Un giovane professore arrivato a Bologna nel 1975 per insegnare semiotica al neonato DAMS, tra le sue tante cose interessanti, ebbe a dire anche questa. Umberto Eco, nato non bolognese, sarebbe divenuto uno dei simboli della Bologna degli anni ’70, capitale dei movimenti giovanili e dei suoi modi di rappresentare il presente e prefigurare il futuro. DAMS e non solo. Un coacervo di idee in movimento fiorite in contemporanea, la Bologna di quegli anni. Zanardi non era solo il nome di una strada, Piazza Grande non solo il paradigma di una piazza, né Roversi solo l’introvabile Tazìo tra le figurine dei calciatori di un album mai finito. Bifo era il personaggio di un paese delle meraviglie che era in una radio che della bambina che lì si perse, aveva il nome. Si vendeva bene Bologna in quegli anni tra un Sartre e un Bodelaire, un Sarti e un Dalla. La Bologna gravida della paranoica punkEmilia, ponte tra l’Italia e la Mitteleuropa. Ma non solo di arte e cultura, musica e libri si cibano i giochi della Rivoluzione. Pensare, agire, creare. Lavorare stanca e il modo migliore è farlo con lentezza eppure a Borgo Panigale, in via Cavalieri Ducati han sempre costruito moto velocissime.

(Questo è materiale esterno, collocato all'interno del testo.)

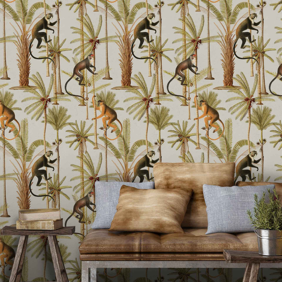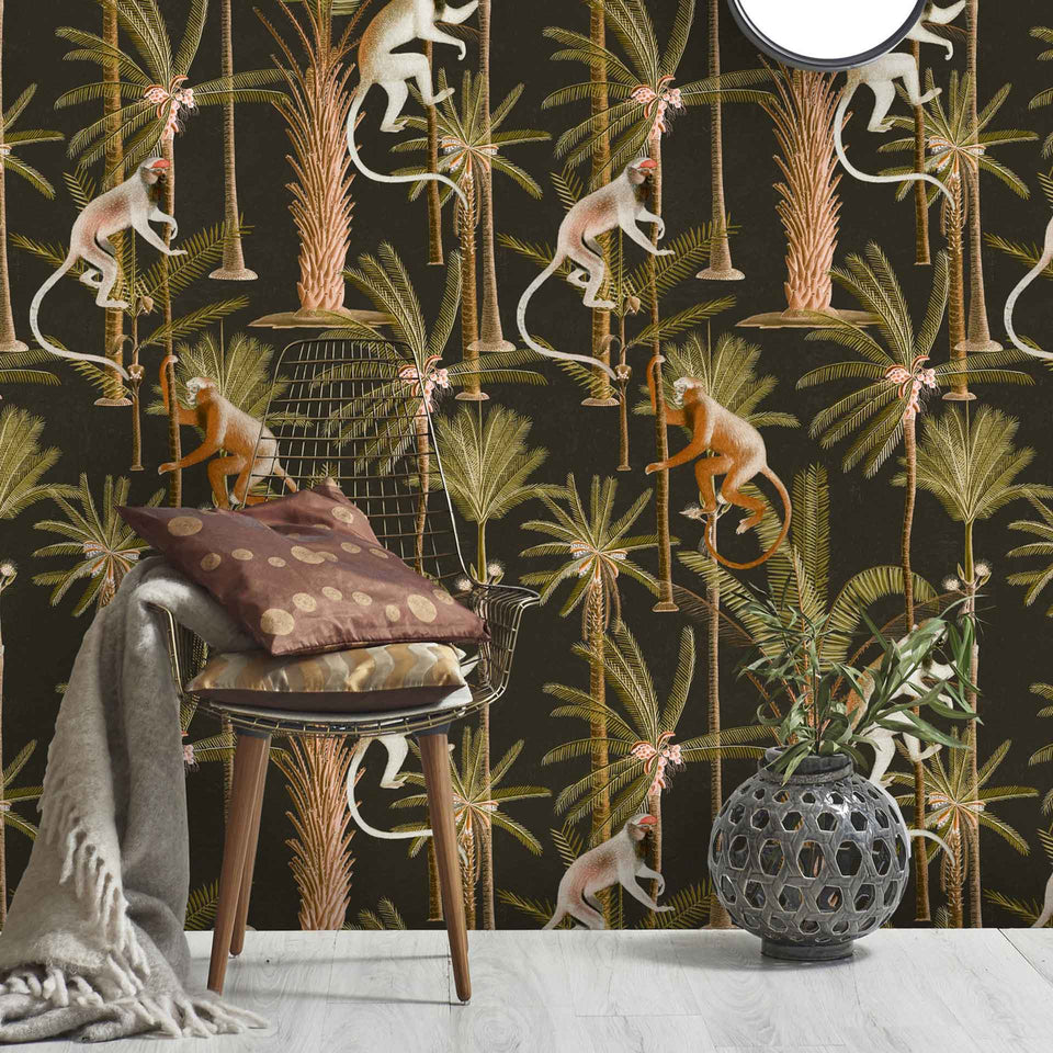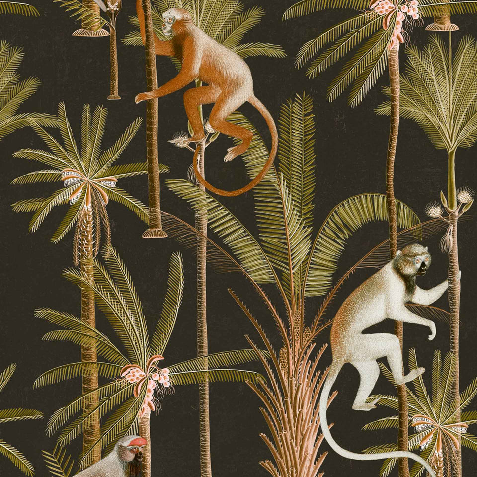 Barbados is a tropical style design featuring impressive palm trees and various monkey illustrations on a dark or light background.

Il fuoco non covava soltanto nelle strade del centro, ma anche negli angoli più tranquilli della città. Anche di storie di sport vivono i luoghi. Nei campi da tennis, Bologna, come tutti le città, provava a scovare e donare al Paese il nuovo Adriano Panatta. Due ragazzini nati a pochi anni di differenza in particolare destavano le attenzioni. Uno magrolino, esile, ottima manualità, eccessivo negli atteggiamenti e nell’alternanza degli stati d’animo. L’altro, tranquillo ragazzone, alto e allampanato, rigido di busto e di gambe, diritto killer e fantastico colpitore al punto da far passare in secondo piano un talento affatto banale. Paolo Canè ed Omar Camporese.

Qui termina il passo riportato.